ミカゲはそう言いながら、セレスの術の発動を見守った。

 傍らでの2人の会話は既にセレスの耳に届いては来ず、手の指先で今!融合しようとしている2つの金属に意識を集中していた。

 二つの金属に注がれた異なる属性の魔力に更に、セレスの魔力をこの時に注ぎ込み、三つの魔力の融合する独自の金属に成長して行く。


『ソレニウス・フェドキナ』


 (いにしえ)の、魔道の呪文をセレスが唱えると、セレスの手の中にあった二つの金属が融合した玉は、槍の様な形状をに形を取り始めた。

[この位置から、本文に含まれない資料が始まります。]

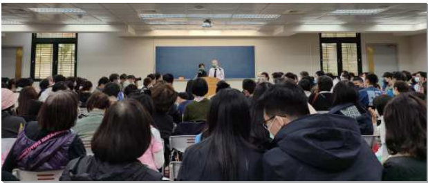
▲聖徒們參加神人生活相調聚會一同蒙恩

藉著相調，就看見已過我們較多顧到小區和大區的服事配搭，對於近兩三年內成立的家，則較少有神人家庭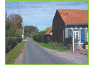
Traversée bucolique du quartier du Bout de haut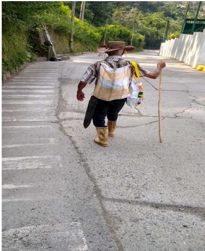
Figura 18, recorrido por carretera en cemento.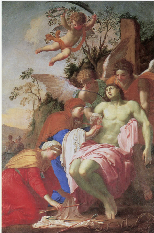
ル・シュール「聖女たちに介抱される聖セバスティアヌス」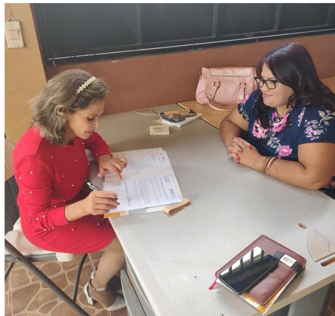
Fotografía No. 16. Nombramiento de primera persona facilitadora de Acosta. Agosto de 2023.

Además de este nombramiento, se han realizado nombramientos en otras comunidades de Acosta y León Cortés, así como visitas para la divulgación y formación en acceso a la justicia en comunidades rurales de Acosta y la zona de Los Santos.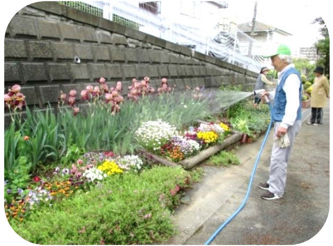
花壇での水やりは交代で行います

道路沿いの小さな十ノ区公園。ここの花壇には、一年草だけでなく、たくさんの宿根草も植えられています。活動を行う花クラブでは、作業を「花壇担当」「花木担当」に分担しています。夏の水やりは、一週間交代でみんなが行うなど、自然と協力する体制ができています。花が咲くのをとても楽しみに活動しています。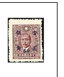
50 (c) s 4 $ 671a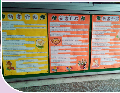
介紹新書吸引學生借書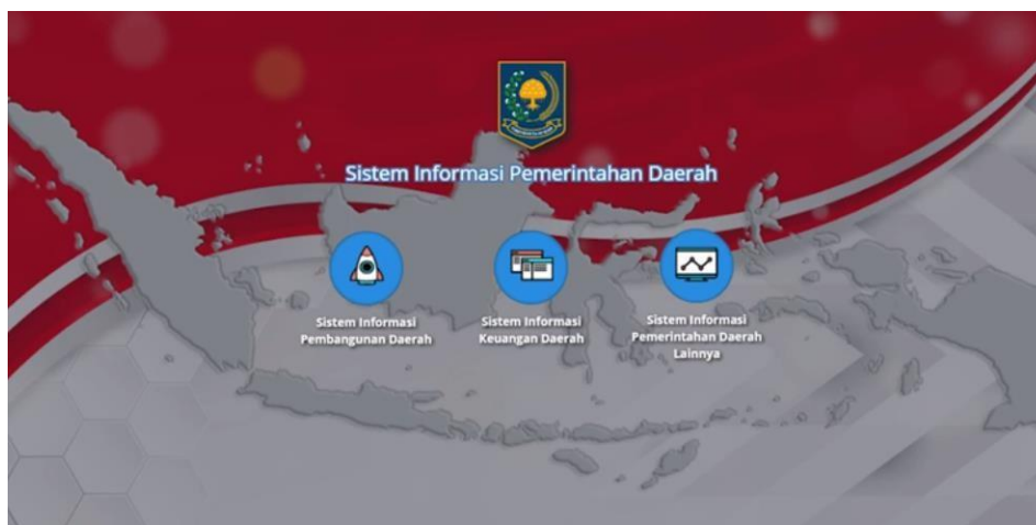
Gambar 2.7 Website Sistem Informasi Pemerintahan Daerah

SIPD ini ialah sistem informasi berbentuk aplikasi yang dibuat berbasis website sehingga dapat lebih mudah diakses kapanpun dan dimanapun. Adapun halaman website tersebut dapat diakses pada alamat sipd.kemendagri.go.id dengan tampilan awal sebagai berikut :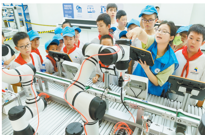
7月10日,江津双福重庆工程职业技术学院,孩子们了解智能设备相关知识。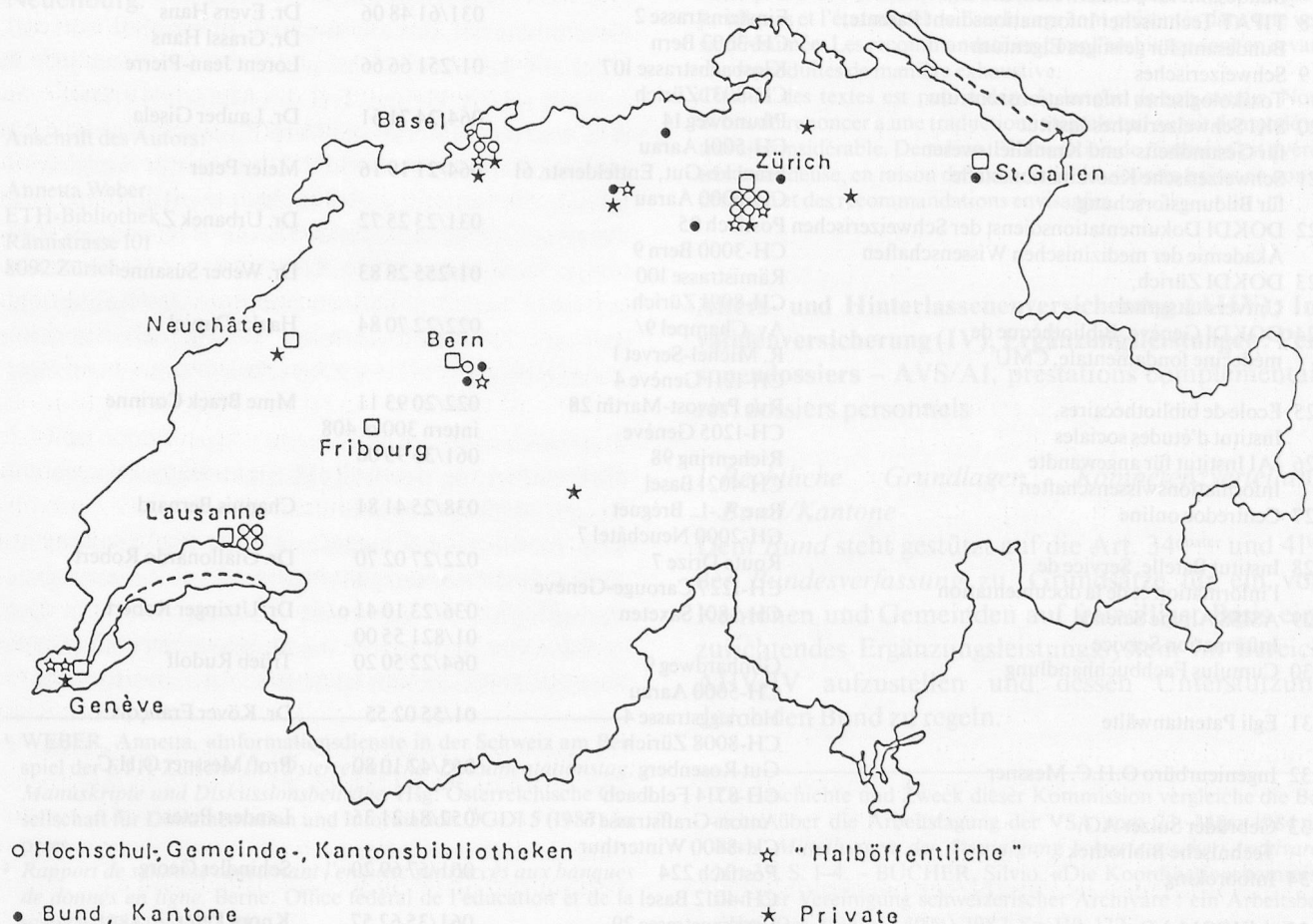
Standort der öffentlich zugänglichen Informationsdienste

Ausgehend von einer Liste von Institutionen bzw. Personen aus einer 1984 vom Bundesamt für Bildung und Wissenschaft durchgeführten Studie über die vorhandenen Online-Informationdienste 2 , konnten dank des «Schneeballeffektes» 35 Informationsstellen ausfindig gemacht werden. Dieses Vorgehen erlaubt gewiss keine lückenlose Zusammenstellung, und die Ergebnisse erheben somit keinen Anspruch auf Vollständigkeit. Bei fehlerhaften oder unvollständigen Angaben sowie bei nicht berücksichtigten Informationsdiensten bin ich für eine Mitteilung dankbar; dies könnte die periodische Veröffentlichung einer solchen Liste auf dem jeweils neusten Stand ermöglichen.

 混沌の闇から、何処かの世界の英雄が使った槍の魂を引きずり出し、槍の形を取り始めているその金属の中に、古の槍の魂を込めていく。

すると槍の魂がこの金属に宿り、かつての本来の槍の姿を取るのだった。

「凄い・・・・今までこんな魔法、見た事がありません・・・一体どんな仕組みになっているの?」

「確かウチの書架のどっかの本棚に、この魔法の事を説明してる本があったのを、あちし見た事があるよ!」

 ミカゲがニコニコしながら話すので、多分本当にこの魔法について解説している本があるのだろうと、コレットは確信した。

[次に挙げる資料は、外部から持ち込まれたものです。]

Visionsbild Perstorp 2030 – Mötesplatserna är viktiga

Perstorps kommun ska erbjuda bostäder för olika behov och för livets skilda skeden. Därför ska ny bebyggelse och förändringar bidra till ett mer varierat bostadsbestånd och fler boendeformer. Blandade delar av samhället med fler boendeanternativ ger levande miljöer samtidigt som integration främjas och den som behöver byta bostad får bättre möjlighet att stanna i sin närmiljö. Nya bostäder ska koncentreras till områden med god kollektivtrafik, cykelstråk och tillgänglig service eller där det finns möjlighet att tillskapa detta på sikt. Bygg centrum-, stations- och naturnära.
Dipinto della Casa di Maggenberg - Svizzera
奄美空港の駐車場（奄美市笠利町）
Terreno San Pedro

「是非!今度書架にお伺いした時に読ませていただきます!!」

 コレットはかなり興奮した様子でミカゲに畳みかけた。

 当のミカゲは、コレットのその言葉に返答をするのかと思いきや、急にセレスの術の方向とは違う方向に振り向き、

「来たよ!ヤツが、今は人間の姿をしてるみたい。筋肉質で身長が高い系の人!」

と言いながら、今居る場所から西の方向に指をさす。

 すると、その方向から近づいてくる怪しい影が見えて来た。

 セレスは?と言うと、まだ槍の形を取った金属に魔力の吸収をさせながらその形を確固たるものにする工程をしており、ミカゲの敵襲の位置の把握にまで至っていない様子だった。

 セレスは、底の見えない武器の魔力の吸収力に耐えながら、古の武器を完成に近づけていく。

 何とか想定していた形状に槍が成長したのを見届けると、

「ちょっと想定していたよりも早く来てしまったか!なら、仕方がない。そろそろコイツを仕上げてしまうかね!」

ようやく魔力の供給を止め、仕上げの詠唱に入った。


(いにしえ)より来たれ槍の王、我が名はセレスフィル・アズワルド・トトアトエ・テルニア・・・

我に従え、我と共に戦え・・・・グングニル!!』


 詠唱が終わると同時に、セレスの手の上にあった槍から(まばゆ)い光が放たれ、周囲を白く染めた。

そしてその光が収まると、先程の弱々しい槍の姿が力強い伝説の武器に変貌していた。